GENEVA, 2 March 2012 - UNICEF'S flagship report, The State of the World's Children 2012: Children In An Urban World, urges governments to put children at the heart of urban planning and finds that for millions of children urban poverty is intensified by exposure to cyclones, floods, mudslides, earthquakes and other disasters.
Nearly eight million children died in 2010 before reaching the age of five, including two million from polluted indoor air caused by inadequate ventilation in sub-standard housing. City life also exposes children to high levels of outdoor air pollution and traffic accidents.
"Disasters take a particular toll on underprivileged urban residents because of where they live, and because they are inadequately served and ill-equipped to prepare for or recover from extreme events," the report stresses. Children are the most vulnerable to injury and death in disaster-prone areas.
UNISDR Chief, Margareta Wahlström, said: "This is a very welcome report. Cities can be wonderful places for children to grow up but we know that the children of the urban poor are especially vulnerable to extensive disasters such as floods and these have a negative impact on children's education, health and access to services such as water and sanitation.
"The report offers further evidence that governments worldwide should take seriously the Children's Charter for Disaster Risk Reduction with its focus on child protection and the active engagement of children in community life. The health and well-being of children in an increasingly urbanized world is a litmus test for sustainable development."
UNICEF director, Anthony Lake, stated: "Every excluded child represents a missed opportunity -- because when society fails to extend to urban children the services and protection that would enable them to develop as productive and creative individuals, it loses the social, cultural and economic contributions they could have made."
The report highlights exposure and vulnerability: "The poorest urban populations and their children make their homes wherever they can find land or afford rent within reach of work: often in congested slums or informal settlements on flood plains or steep slopes, under bridges or on sites close to industrial waste. Children are at high risk in such locations, as they seldom have access to information or protective infrastructure, that can help people withstand extreme events.

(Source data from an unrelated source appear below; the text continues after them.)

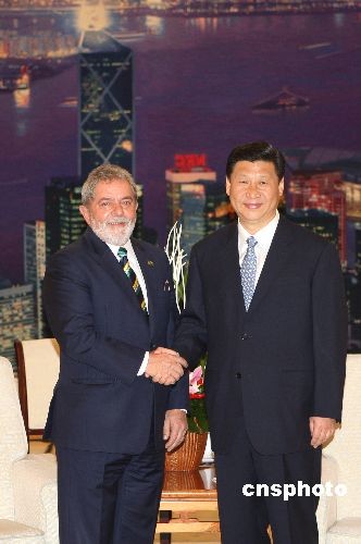 5月19日下午,中国国家副主席习近平在北京人民大会堂香港厅会见访华的巴西联邦共和国总统路易斯·伊纳西奥·卢拉·达席尔瓦。中新社发 任晨鸣 摄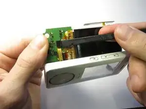 Наконец, поднимите чёрный переключатель, чтобы отсоединить ЖК-экран от платы ЖК с помощью лопатки.
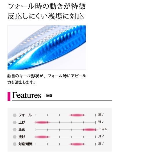 フォールに特化したショートジグです。非対称度の大きいシルエットで、裏面のキール形状によりフォール時ターゲットに力強くアピールします。コンパクトなフォルムで二枚潮にも影響されにくく、繊細なアクションにも機敏に反応し容易にステイを維持できます。また、上げ・下げ共にソフトなショートアクションに追従。フォールにしか反応しない状況、あるいは極端に浅い水深で魚からのコンタクトを取りたい時にぜひ使ってみてください。

Homes are often built from flimsy materials that cannot stand up to high winds, mudslides, rushing water or earthquakes."
Every year the world's urban population increases by about 60 million and by 2050, 70% of people will live in cities and towns and "children born into existing urban populations account for around 60 per cent of urban growth".
On the positive side, the report cites the emergence of initiatives for reducing disaster risk such as the Hyogo Framework for Action, endorsed by 168 governments in 2005, and the "experience from Southeast Asia and the Caribbean shows that efforts to reduce local risks have succeeded by tapping the knowledge and perspectives of community members and disaster survivors -- children in particular."